In general, it is probably a good idea to avoid operations that can effect the allocation of the underlying container (insert, erase, push_xxx, etc.) while using an iterator that will be subsequently referenced (e.g. loop, dereference after operation, etc.).

Iterating, inserting and removing?

Dream output:
/* DREAM OUTPUT:
INT: 1
TESTINT: 1
TESTINT: 2
TESTINT: 23
TESTINT: 24
TESTINT: 25
TESTINT: 3
TESTINT: 4
TESTINT: 5
TESTINT: 6
INT: 23
INT: 24
INT: 25
INT: 3
INT: 4
INT: 5
INT: 6
Problem
ERROR 1: Not erasing the '2' causes a bizzare effect.
ERROR 2: Erasing the '2' causes memory corruption.
Code
#include <cstdlib>
#include <iostream>
#include <vector>
int main(int argc, char* argv[])
{
std::vector<int> someInts;
someInts.push_back(1);
someInts.push_back(2);
someInts.push_back(3);
someInts.push_back(4);
someInts.push_back(5);
someInts.push_back(6);
for(std::vector<int>::iterator currentInt = someInts.begin();
currentInt != someInts.end(); ++currentInt)
if(*currentInt == 2)
{
std::vector<int> someNewInts;
someNewInts.push_back(23);
someNewInts.push_back(24);
someNewInts.push_back(25);
someInts.insert(currentInt + 1, someNewInts.begin(), someNewInts.end());
//someInts.erase(currentInt);
for(std::vector<int>::iterator testInt = someInts.begin();
testInt != someInts.end(); ++testInt)
std::cout << "TESTINT: " << *testInt << '\n';
}
else
std::cout << "INT: " << *currentInt << '\n';
return 0;
}
The code is pretty self-explanatory, but I'd like to know what's going on here. This is a replica using ints of what's happening in a much larger project. It baffles me.
Inserting elements into a vector causes the iterators asociated with it to be invalid, since the vector can grow and thus it reallocates its internal storage space.
As someInts.erase(currentInt); invalidates currentInt you can't use it until you set it right.
It so happens that erase() returns a valid iterator in the list to continue with.
An iterator that designates the first element remaining beyond any elements removed, or a pointer to the end of the vector if no such element exists.
Try
currentInt = someInts.erase(currentInt);
which would put the outer loop at '23' the start of your test data and step to '24' for the next loop.
You need to understand the differences between the stl collections.
A Vector is a continuous (usually) block of memory. Whem you insert into the middle, it tries to be helpful by re-allocating enough memory for the existing data plus the new, then copying it all to the right places and letting you continue as if nothing had happened. However, as you're finding - something has happened. Your iterators that used to refer to the old memory block, are still pointing there - but the data has been moved. You get memory errors if you try to use them.

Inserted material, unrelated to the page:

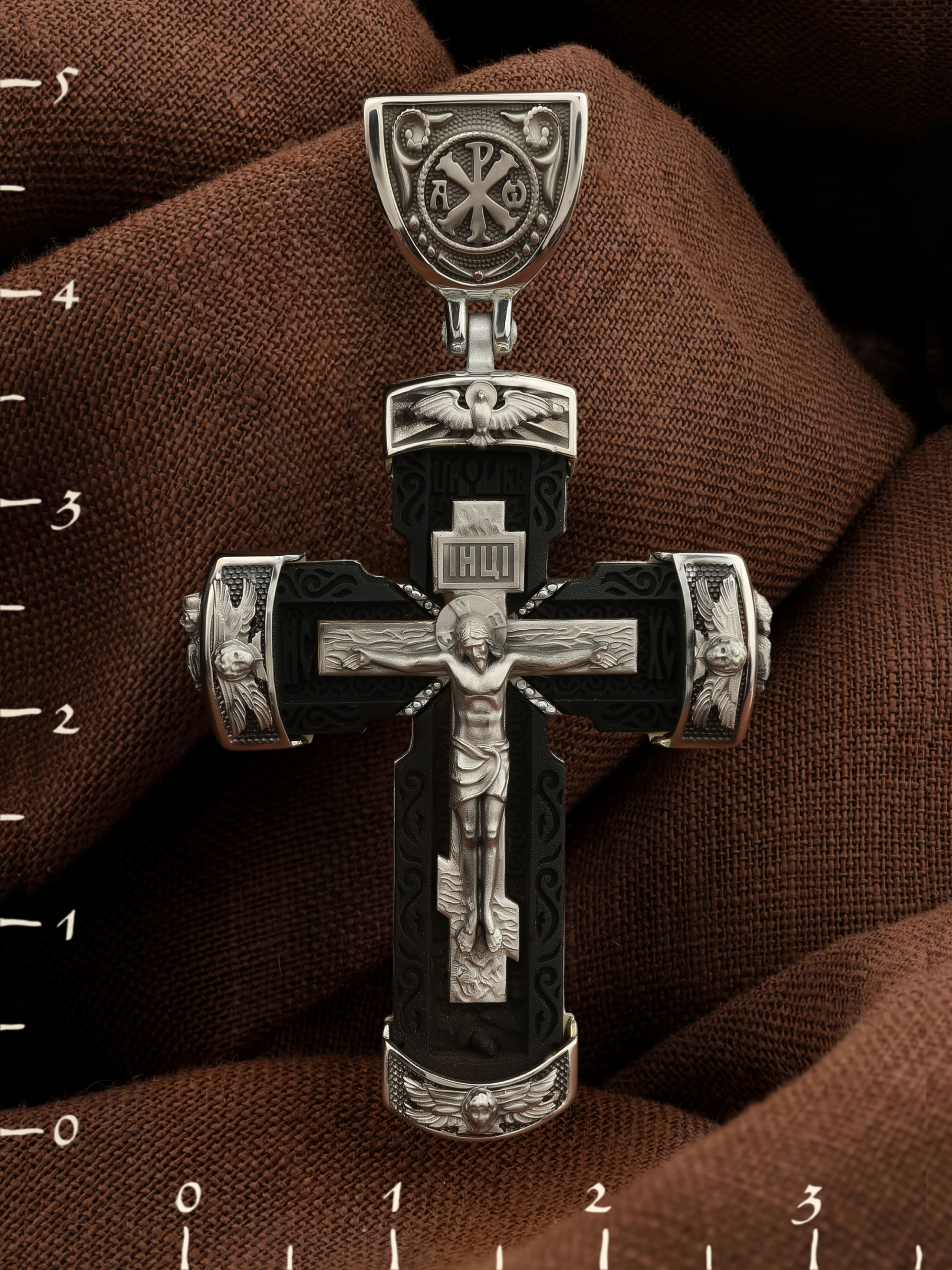 Крест из белого золота c эбеновым деревом

One answer is to determine where the iterator used to point, and update it to point to the new location. Typically, people use the [] operator for this, but you can use begin() + x (where x is the index into the vector).

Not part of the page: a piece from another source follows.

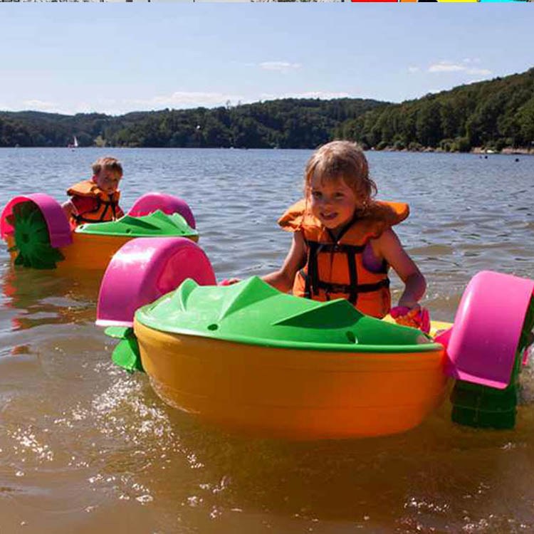 Children can easily operate the boat with hand paddles, which provide smooth movement and full control. As a popular kids hand paddle boat, it encourages exercise, balance, and coordination while delivering great entertainment. Parents and water park operators love this boat because it is a safe and eco-friendly aqua toy paddle boat made of strong plastic material.

Alternatively, use a collection whose iterators are not invalidated by inserting. The best one for this is the list. Lists are constructed from little blocks of memory (1 per item) with a pointer to the next block along. This makes insertion very quick and easy as no memory needs to be modified, just the pointers to the blocks either side of the new item. Your iterator will still be valid too!
Erasing is just the same, except once you delete the item your iterator refers to, its invalid (obviously) so you cannot make any operation on it. Even ++ operator will not work as the memory might have changed in a vector, or the list pointers be different. So, you can first get an iterator to the next element, store it and then use that once you've deleted an item, or use the return value from the erase() method.

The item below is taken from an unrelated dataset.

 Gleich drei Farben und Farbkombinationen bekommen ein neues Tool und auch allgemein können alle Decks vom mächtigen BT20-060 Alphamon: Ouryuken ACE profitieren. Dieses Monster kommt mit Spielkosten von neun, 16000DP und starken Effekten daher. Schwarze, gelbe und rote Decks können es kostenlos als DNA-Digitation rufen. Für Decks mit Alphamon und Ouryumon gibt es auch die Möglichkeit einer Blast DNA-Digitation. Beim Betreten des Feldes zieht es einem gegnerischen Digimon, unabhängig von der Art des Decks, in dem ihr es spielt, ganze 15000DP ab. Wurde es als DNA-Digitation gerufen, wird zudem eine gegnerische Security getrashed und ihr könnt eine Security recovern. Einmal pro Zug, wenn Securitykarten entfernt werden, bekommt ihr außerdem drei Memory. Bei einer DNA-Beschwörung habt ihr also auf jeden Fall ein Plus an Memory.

If you were to use list as the collection instead of vector, you would not get random-access and it might use more memory but you would have constant-time insertion in the middle of the collection and doing so would not invalidate your iterators.
The exception would be the one you were erasing, so you would not be able to ++ it at the end of the loop. You would have to handle this situation by storing a copy of its next element.